I was thinking of setting up the cable box for HDTV viewing and regular Tivo viewing of standard TV. 

For cable box viewing I would either use the DVI output or component to the TV and optical out to my receiver. I would switch the TV input source to cable box when I wanted to watch purely HDTV and preserve the 5.1 sound.

For Tivo viewing I could use the S-video output and analog LR audio from the cable box to the Tivo and output from the Tivo to my TV. I would then change input source on the TV to the Tivo.

Is this what those with HDTV and tivos do? Do you guys have any suggestions? Thanks.


----------



## Steve_Martin (Jul 18, 2004)

I watch Tivo in SD because it's the only way possible.  

I split the incoming cable. One leg goes directly to the HD TV which has a CableCard installed. This allows me to view analog and digital and pay channels and HD. The other leg connects to a SD cable box (STB). The output of the STB connects to the input of the Tivo, the Tivo output connects to one of the HDTV inputs. The Tivo controls the STB through a serial connection.

This essentially give the Tivo path its own STB to control.


----------



## Troy J B (Sep 27, 2003)

I also split the incoming cable. One leg goes to the Motorola 6412 with the other leg going directly to the SVR-3000. The 6412 is connected via component video and digital optical to a receiver. 
The TiVo is connected via S-Video and analog LR audio to the same receiver. My receiver is not smart enough to upscale the S-Video and output to the component video connected to the TV, so in addition to selecting TiVo on receiver, I have to select Video 1 on my tv (component is on Video 5)


----------



## Moebius (Nov 25, 2002)

Another split here. My display has no tuners so I split the cable to two boxes. The HD feeds component through my receiver to the display. The TiVo feeds through a DVD recorder via composite, the upsacled to 480p by the burner and fed to the receiver via component. Then of course the receiver feeds component out the the display.

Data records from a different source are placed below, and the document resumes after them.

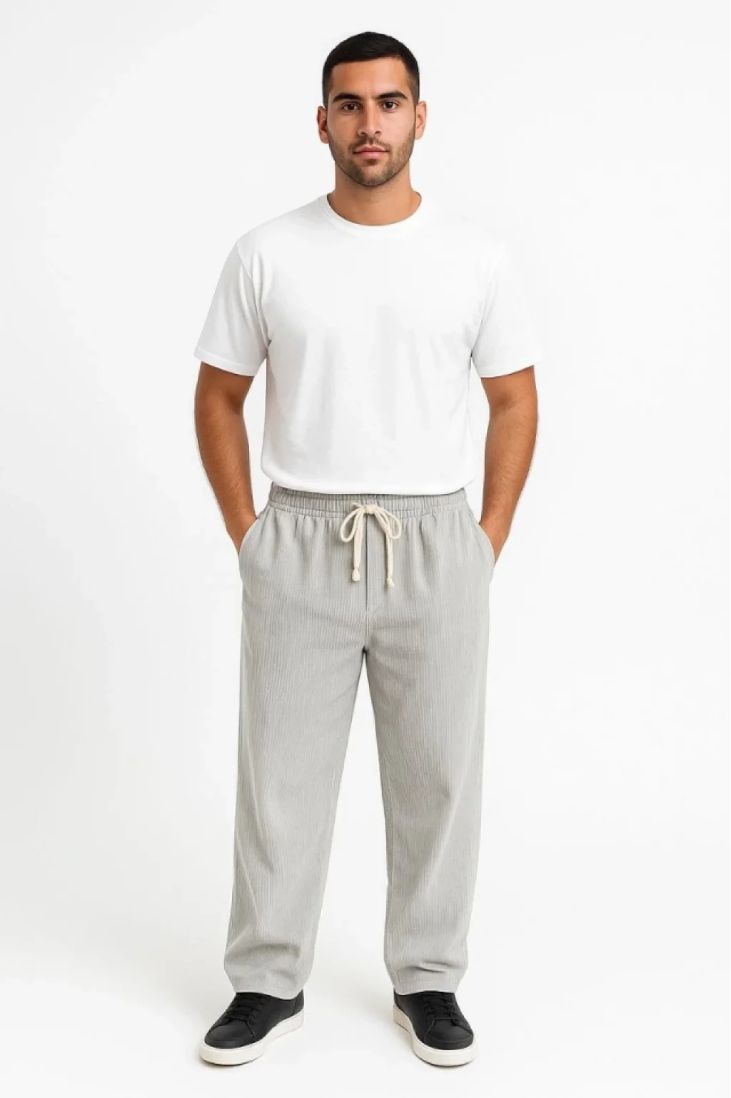 Erkek Fitilli Kadife Cepli Buggy Pantolon Oversize Rahat Kalıp - Gri
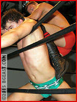 Well, now you can certainly see the sweat flying off both wrestlers' bodies as Hartley absolutely refuses to go down a second time, his own well-placed kicks and slams turning the tide again. When a bow and arrow submission ties them up at one fall each, both men know they need to pour on heaping helpings of pain and the punishment to come out on top. Before the final fall, one wrestler will be tied up, abused, hobbled, and finally humbled, left crumpled on the mat with a triumphant and sweat-soaked winner posing victorious over his fallen form. Will it be methodical, powerhouse pro studstar Lane or that budding heel who's been fighting to break through to the surface of 'former' babyface Austin Cooper?
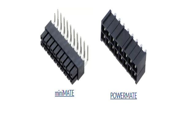 In some cases, pin sockets are used to conduct high currents, primarily in power circuits. For the miniMATE (2.54mm pitch) and POWERMATE (4.19mm) series, maximum currents are 5.3A and 10.3A. The connector design prevents reverse polarity of the connection. Both series are available in angled versions. Their housings include locking latches, protecting the connectors against vibrations and shocks. The sockets can also be used to connect wires.
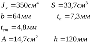 По сортаменту принимаем два неравнополочных уголка 56Ч36Ч5: B=56 мм; b=36 мм; d=5 мм; А=4,41 см2; Jx=13,80 см4; Jy=4,48 см4; iy=1,01 см;
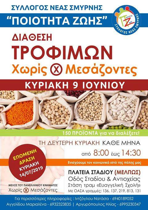 ΚΥΡΙΑΚΗ 9 ΙΟΥΝΙΟΥ, ΔΙΑΘΕΣΗ ΤΡΟΦΙΜΩΝ ΧΩΡΙΣ ΜΕΣΑΖΟΝΤΕΣ ΤΟΥ ΣΥΛΛΟΓΟΥ Ν.ΣΜΥΡΝΗΣ 'ΠΟΙΟΤΗΤΑ ΖΩΗΣ'
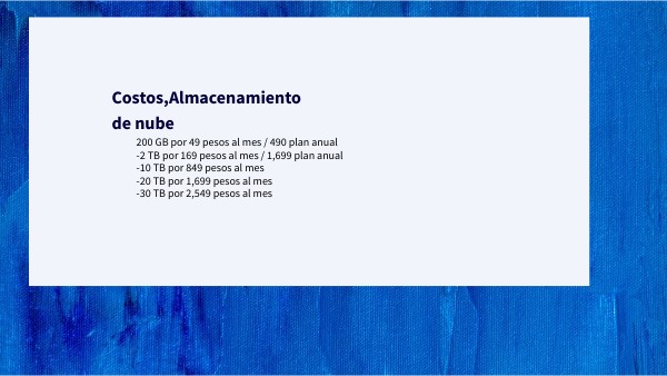 200 GB por 49 pesos al mes / 490 plan anual-2 TB por 169 pesos al mes / 1,699 plan anual-10 TB por 849 pesos al mes -20 TB por 1,699 pesos al mes -30 TB por 2,549 pesos al mes
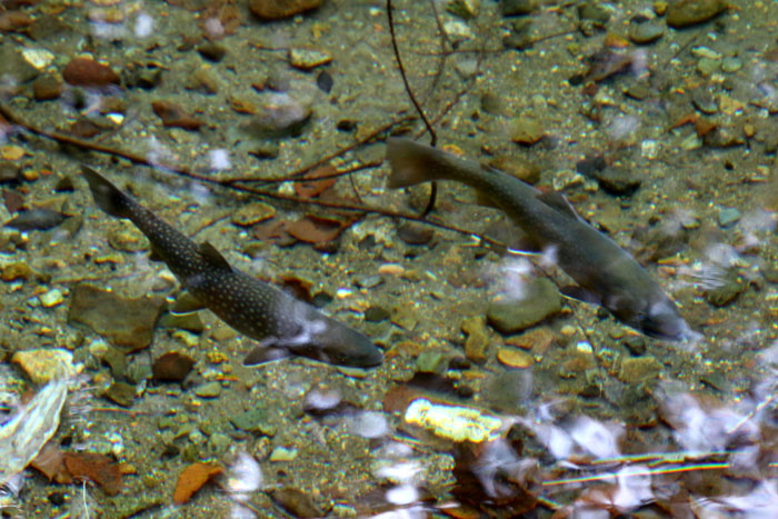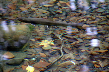 - ブナ林に囲まれた池の丸太イワナ・・・休暇村手前に、ホンナ沢から清流が流れ込む池がある。その池の透明度は高く、丸々太ったジャンボサイズのイワナが悠然と泳ぐ光景を鑑賞できる。イワナ好きにはたまらない池だが、「釣りは禁止」につき注意!
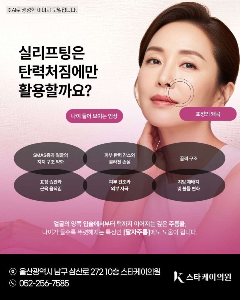 울산실리프팅은 턱선과 볼 부위를 직접 당겨 올려 흐려진 윤곽을 개선하는 데 주로 활용됩니다.
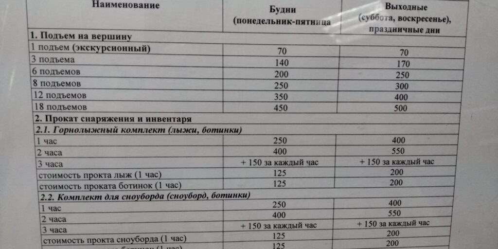 Ценник, как говорится, демократический. Платишь не за время катания, а за количество подъемов. Например, 18 спусков стоит 500 рублей. Их можно катать хоть за 2, хоть за 4 часа с перерывами. Есть тюбинг для малышей, есть трасса для беговых лыж.
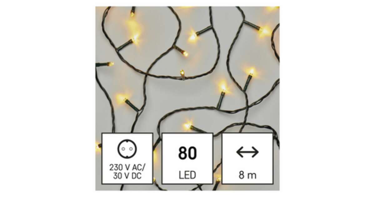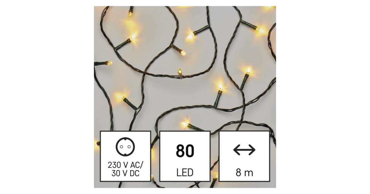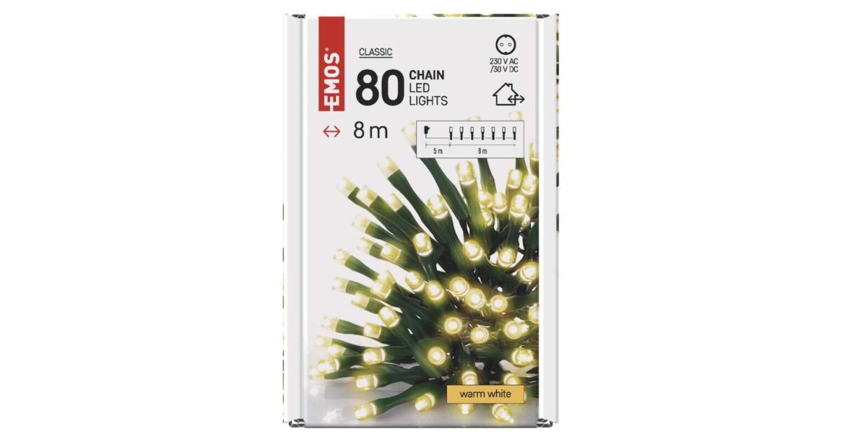 EMOS Karácsonyi LED Fényfüzér - 80 LED, 8 méter, Meleg Fehér

The nice thing with this setup is that both the SD and HD feed into the same input on the TV, so I can switch through the receiver as I always have.


----------



## ingenue007 (Aug 23, 2005)

Darn I was hoping not to have to rent another TV cable box. It's another 7.99 I don't want to spend or 3.99 for a cable card from Time Warner.....but the cable card doesn't pick up TNT HD nor Discovery HD according to the rep. Anyone know if this is true or not??


----------



## dtreese (May 6, 2005)

My fairly old apartment only has one cable connection right now. I have a 3-way splitter that goes:
1)Cable modem
2)loooong cable to the master bedroom TiVo
3)cable to HD cable box/crap DVR (10 hrs of HD)

From my HD cable box (I actually ignore its DVR 99% of the time), I run component out to my HD set and s-video/stereo out to my TiVO. Everything's hooked into my receiver with best possible connections. I mostly watch through TiVo, switching to the direct HD input when I'm watching something in HD. The nice thing is that with the S-vid/stereo output from the cable box, I can record HD programs on TiVo and watch them later in 16:9 without screwing up other TiVO stuff. Not the same as HD, but better than most SD.

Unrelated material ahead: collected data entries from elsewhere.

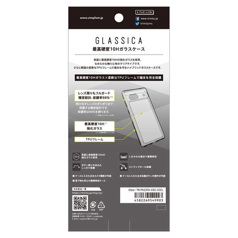 トリニティ Google Pixel 7a用背面ガラスケース [GLASSICA] クリア TR-PX237A-CGC-CCCL
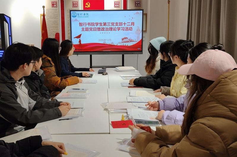 为锚定年度工作收尾目标、凝聚“十五五”发展共识,智行书院学生第三党支部于12月24日晚在书院新时代党员活动室开展“打好收官战 谋划十五五”主题党日活动暨政治理论学习。活动由学生第三党支部书记霍蕾主持,党支部全体成员参加。
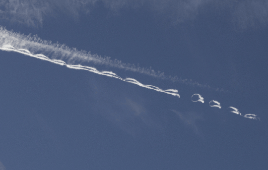 Watching airplane contrails overhead, you may have noticed them transform into a daisy chain of distorted rings. This is an effect known as the Crow instability. The contrails themselves are the airplane’s wingtip vortices, made visible by water vapor condensed out of the engine exhaust. These two initially parallel vortex lines spin in opposite directions. A slight crosswind can disturb the initially straight lines, causing them to become wavy. This waviness increases over time until the vortex lines almost touch. Then the vortices pinch off and reconnect into a line of vortex rings that slowly dissipate. Be sure to check out the full-resolution version of this animation for maximum effect. (Image credit: J. Hertzberg, source)
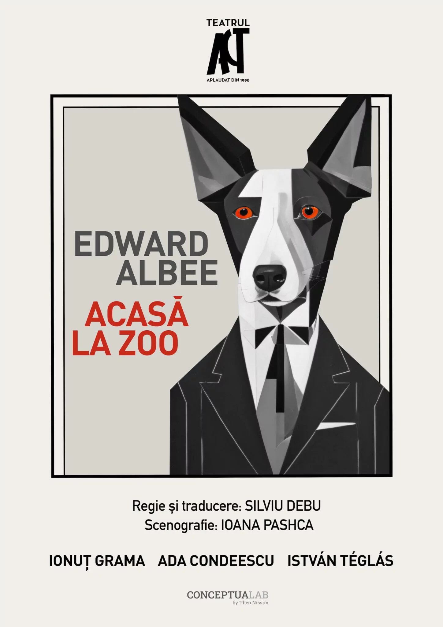 Așa arată „Acasă/La Zoo” montat de Silviu Debu la Teatrul Act după textele lui Edward Albee, care combină „The Zoo Story” din 1958 cu piesa într-un act „Home Life” scrisă în 2004. Un spectacol de actorie în care lucrurile se înalță teatral din textul rostit, într-un conversațional abil ticluit și strâns fedeleș între gratiile cuștii unei căsnicii rutinate de Ionuț Grama și Ada Condeescu (în rolul unui intelectual cuminte și soția lui, casnică), desțepenit în cele din urmă și la nivel de mișcare în momentul eliberării fiarei care-și permite să se dezlănțuie încercând evadarea, împlinită la superlativ după intrarea în scenă a lui István Téglás, provocarea din exterior a poveștii acestui cuplu.
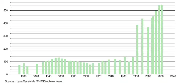 L'évolution du nombre d'habitants est connue à travers les recensements de la population effectués dans la commune depuis 1793. Pour les communes de moins de 10 000 habitants, une enquête de recensement portant sur toute la population est réalisée tous les cinq ans, les populations légales des années intermédiaires étant quant à elles estimées par interpolation ou extrapolation[31]. Pour la commune, le premier recensement exhaustif entrant dans le cadre du nouveau dispositif a été réalisé en 2007[32].

I also have an Xbox 360 & a PS2 hooked up to the HD screen. If I can ever tweak the video card properly, I'll use the HDMI connection for one of my desktops w/a bluetooth keyboard & mouse.


----------



## Steve_Martin (Jul 18, 2004)

ingenue007 said:


> Darn I was hoping not to have to rent another TV cable box. It's another 7.99 I don't want to spend or 3.99 for a cable card from Time Warner.....but the cable card doesn't pick up TNT HD nor Discovery HD according to the rep. Anyone know if this is true or not??

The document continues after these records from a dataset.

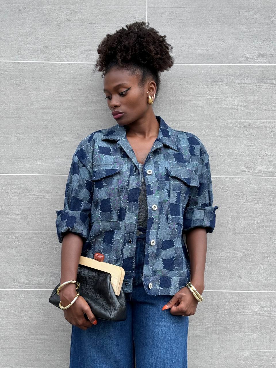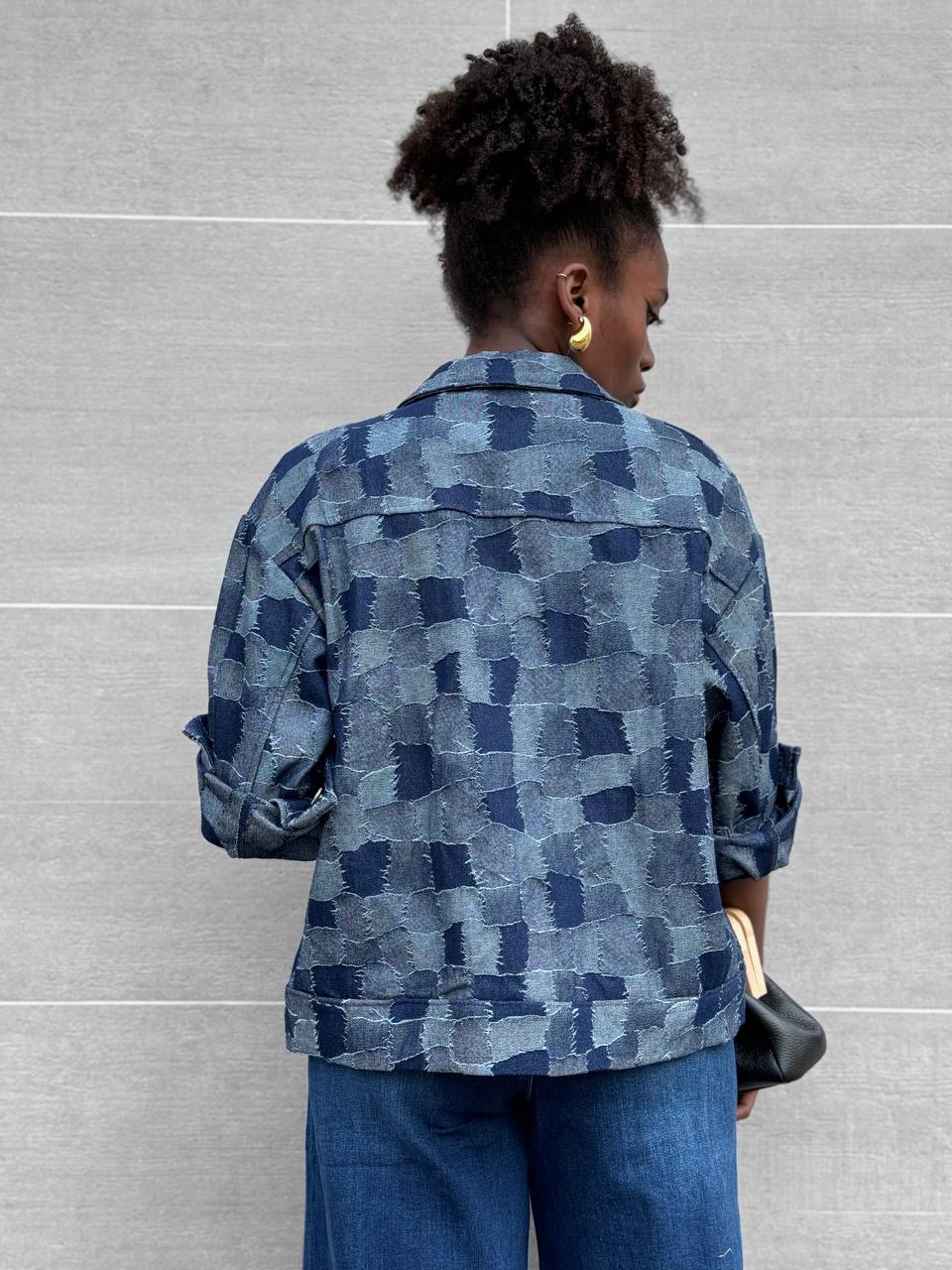 Giacca in denim con dettaglio di bottoni su tutta la lunghezza.
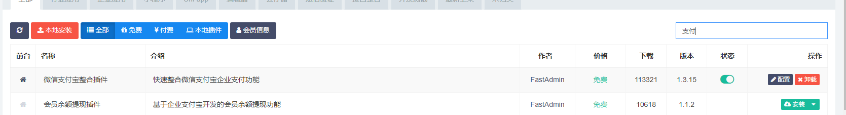 经常用fastadmin后台,这次的模板里面没有支付相关的代码,就想着用插件里的支付宝微信整合插件来试试看。
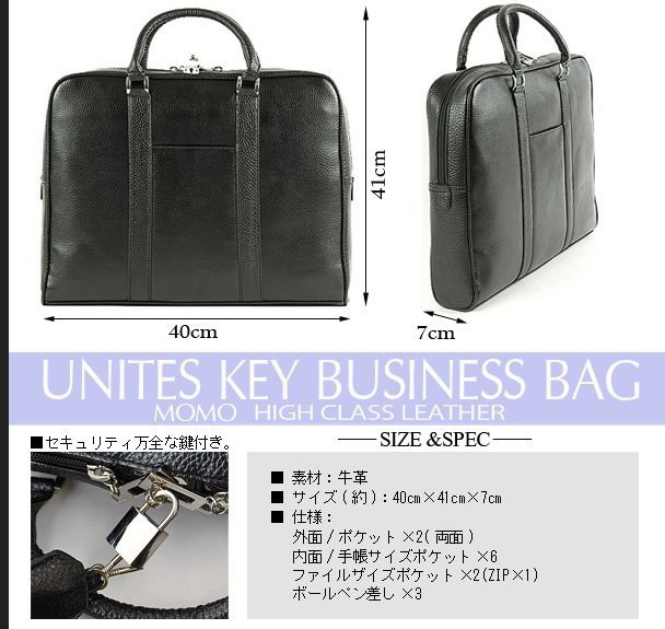 エンボス加工牛床革製ビジネスバッグ 85BK | |||||||||||
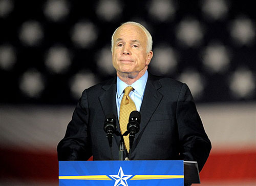 美東時間四日晚十一點二十分,共和黨總統候選人麥凱恩在亞利桑那州鳳凰城面對選民發表講話,承認其敗選,并向奧巴馬當選美國下屆總統表示祝賀。
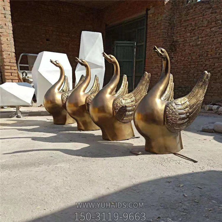 別墅水池擺放玻璃鋼仿銅噴水天鵝園林雕塑.圖片展示
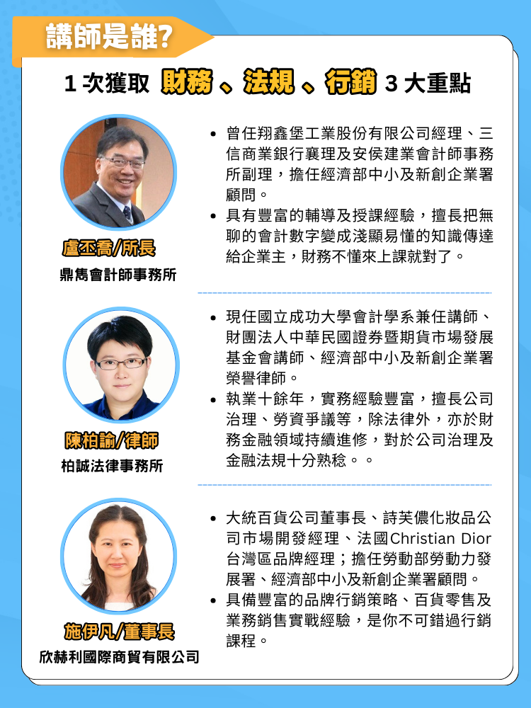 其他場次請至 創業後協助及輔導課程專區 瞭解資訊

Unknown if its true for your cable system or not. Mine certainly decodes those channels (we have Cox cable).


----------



## ingenue007 (Aug 23, 2005)

dtreese said:


> From my HD cable box (I actually ignore its DVR 99% of the time), I run component out to my HD set and s-video/stereo out to my TiVO. Everything's hooked into my receiver with best possible connections. I mostly watch through TiVo, switching to the direct HD input when I'm watching something in HD. The nice thing is that with the S-vid/stereo output from the cable box, I can record HD programs on TiVo and watch them later in 16:9 without screwing up other TiVO stuff. Not the same as HD, but better than most SD.
> .


Nice. That looks like what I planned to do so I don't have to pay for another box/card. Thanks for the reply. I hope it works out with my box too.


----------



## JoeyImage (Oct 22, 2004)

Can someone also answer the same "How to hook up tivo to new HDTV?" question but with a series 2 Tivo, a SA 4200HD cable box, and a surround sound receiver combo machine? I am stumped...

TIA


----------



## classicsat (Feb 18, 2004)

The same way, essentially.


----------



## mrjam2jab (Jul 23, 2004)

Steve_Martin said:


> I watch Tivo in SD because it's the only way possible.
> 
> I split the incoming cable. One leg goes directly to the HD TV which has a CableCard installed. This allows me to view analog and digital and pay channels and HD. The other leg connects to a SD cable box (STB). The output of the STB connects to the input of the Tivo, the Tivo output connects to one of the HDTV inputs. The Tivo controls the STB through a serial connection.
> 
> This essentially give the Tivo path its own STB to control.


Im looking at getting a HD-ready tv....hopefully this week. So this thread caught my attention.

In the above model...the TIVO is still hooked directly to the HD TV....is the SD cable box downgrading the cable before it enters the Tivo?

My current situation is cable from wall to Tivo to non HD TV. I dont have a SD cable box. Im sure some shows have to be coming thru as HD right now...but i can still watch all the shows....

What am i missing about HD? How is my current setup gonna be affected by trading the "monitor" at the end of the line with a HD "monitor"???


----------



## Steve_Martin (Jul 18, 2004)

mrjam2jab said:


> Im looking at getting a HD-ready tv....hopefully this week. So this thread caught my attention.
> 
> In the above model...the TIVO is still hooked directly to the HD TV....is the SD cable box downgrading the cable before it enters the Tivo?
> 
> ...


The Tivo is connected directly to ONE of the inputs of the TV. Anything through the Tivo will be SD only. My particular STB cannot tune HD channels. If it did, in order to get HD quality signals out of it would require either component video out or HDMI. The other input is the CableCard which is installed in the TV (its a PCMCIA laptop style card) and perfroms the same functions as a HD STB.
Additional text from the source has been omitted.